Message Xander and Leigh your questions and to join the email list.
Wear comfortable layers, and drink plenty of water! Please stay home if you are sick. We will provide rapid tests. Masks optional.
IG: jock_witch & xander_cobb

Extension Programming: Fronteras Flotantes: Theatre Between Homes and Worlds with Lillian White
This talk explores Frontera Flotante, a cross-cultural theatre lab bridging Peru and the US. Tracing a path from research into Latin American ensemble traditions to creating new work in Lima, Lillian reflects on how performance transforms “home” into a dynamic stage.
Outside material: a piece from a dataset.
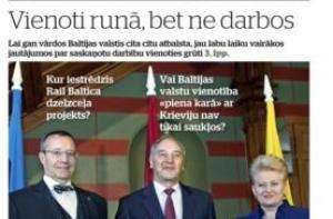 Газета Diena пишет что страны Балтии едины только на словах, но не на деле. Это к встрече трех президентов. Газета рассказывает, что мешает единству Балтии - меркантильный эгоизм. На второй странице обозреватель Сандрис Точс ожидает того, кто спасет памятник Освободителям, так же как Вера Мухина, по легенде, спасла некогда памятник Свободы. Потом пишут, что депутаты решили пересмотреть статус Бюро по борьбе с коррупцией, и что информационная кампания о введении евро обойдется налогоплательщикам в 1,4 миллиона латов. Запланированы 175 мероприятий в 45 городах. Далее сообщают, что нынешняя система оплаты электроэнергии останется до апреля. Об этом горячо спорили в правительстве, премьер Домбровскис ссылался на некую тетю из Бауски, у которой нет интернета, и ей не могут прислать данные счетчика в электронном виде. А вот преставитель «Латвэнерго» утверждает, что новая система будет удобнее, а нынешняя, когда каждый сам вписывает данные - наследие социализма.

Through cuerpo-objeto (body-object relationships), invisible borders, and imagination’s role in survival and resistance, the talk invites audiences into the ephemeral, rapid, and rigorous world of Frontera Flotante. Centering creative exchange within the uneven terrain of cross-border collaboration, it considers collaborative creation, the politics of place, and the power of performance—locating the global in the everyday and the political in the personal. The talk invites shared reflection through questions woven throughout.
Lillian White is a director and creative producer working between the U.S. and Peru. Based in Lima, she co-leads the collective Frontera Flotante and produces for Ministerio de la Belleza. A former Julie Taymor World Theatre Fellow and Assembly Theatre Deceleration Lab member, her work has been presented at El Cultural (Trujillo), The Museum of Memory, Tolerance & Social Inclusion (Lima), Burning Coal Theatre, Dixon Place, and HERE Arts Center (USA), and more. Don’t miss Kingdom Come at Cannonball Fringe (Sep. 5-7)!
lillianwootenwhite.com | @kingdomcomeshow

Extension Programming: A The Watcher Sleeps TTRPG with Savannah Cathers
This offering is for interactive storytellers, people who like the chaos of a dice roll, or people who want to explore the unknown.
A missing director. An otherworldly ritual. A cast that lost themselves in the process.
Join us in investigating The Final Rehearsal - A The Watcher Sleeps TTRPG, on September 3rd from 7-9pm at the Asian Arts Initiative Theater.